During the early 2000’s, real estate sector investment shot up among average Americans, since they could conveniently find financing and minimal down payment options. That led to many Americans making handsome profits by flipping homes. However, this didn’t last long, ending in 2007 with The Great Recession, and making the real estate investment quite unprofitable.
Though, there are various real estate investors who have considered looking towards rental investments. There are no two thoughts about it that it is a fine alternative to a buy and sell approach.
But most of the real estate agents are unsure of how to go about valuing real estate rentals? Don’t fret! What are we for? We shall introduce you to some ways through which you can value rental property. Never forget, the value of a property is based on what the comparable homes that have been sold in the last 6 months.
However, with the rental property, it is hard to calculate the value just by comparing it to physically similar buildings. There is, as well, a need to take into account the rental income which gets generates from it in order to determine the true value.
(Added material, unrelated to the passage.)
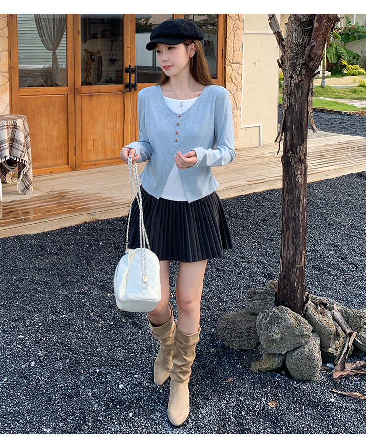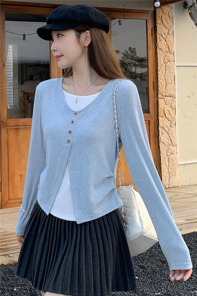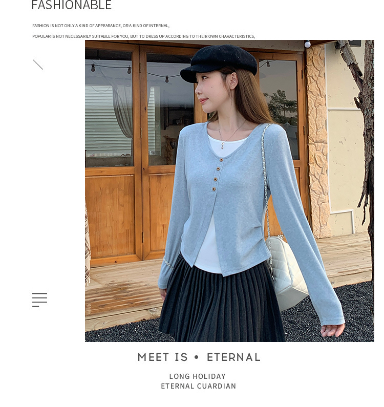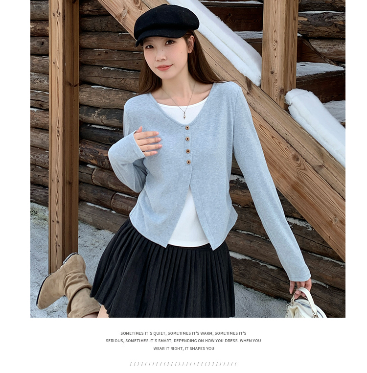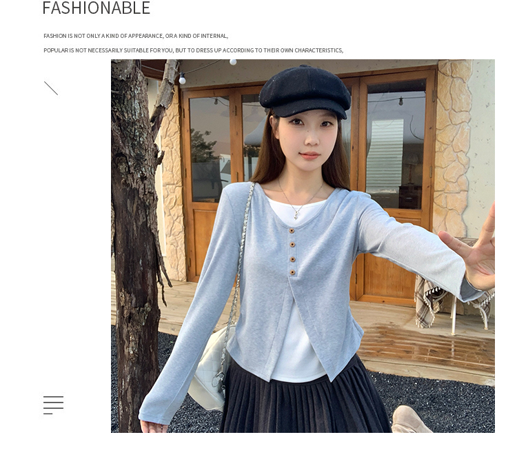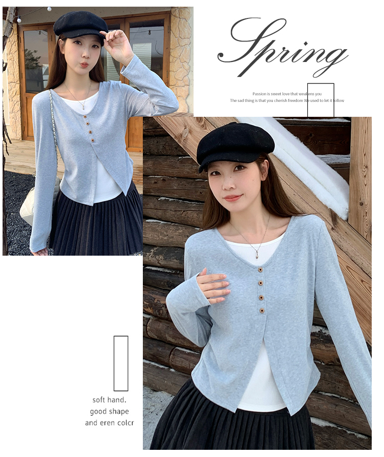 MY14020# 大码气质温柔假两件撞色拼接T恤绝美内搭打底衫别致上衣女裝貨源服裝批發

Ways to Value a Real Estate Rental Property
Sales Comparison Approach:
This happens to be one prevalent method of valuing residential real estate. Herein, a comparison of similar homes sold or rented is made for over a specified period. This gives the real estate agents, the hang of potentially emerging trends.
However, sales comparison approach serves as a reasonable opinion, and not as an apt valuation tool for real estate. Additionally, it is a significant tool for investors or real estate agent to draw a comparative market analysis.
Capital Asset Pricing Model:
A comprehensive valuation tool for real estate, that brings to light the risk and opportunity cost as it applies to real estate investing. This approach focuses on the potential return on investment which shall be derived from rental income. It, then, compares it to other investments that have no risk or alternative forms of real estate investments. Moreover, this capital asset pricing model suggests building in these risks prior to establishing a rental pricing structure.
This approach lays emphasis on what is the yield of potential income in relation to the initial investment. Thus, the income approach happens to be used often for commercial real estate investing. It aims at determining the annual capitalization rate for an investment.
This approach states that property is only of that much worth, what it can reasonably be used for. Cost approach can be calculated by summing the land value and the depreciated value of any improvements.
Real estate investment is no more a trendy thing to follow. Given the Great Recession of 2007, the real estate sector has drastically changed. This has opened doors for real estate rentals, which are proving to be quite profitable. All a real estate agent needs to know is how to value real property. And if you are a serious investor, just take a look at the components from all of these valuation methods mentioned above prior to making a rental decision.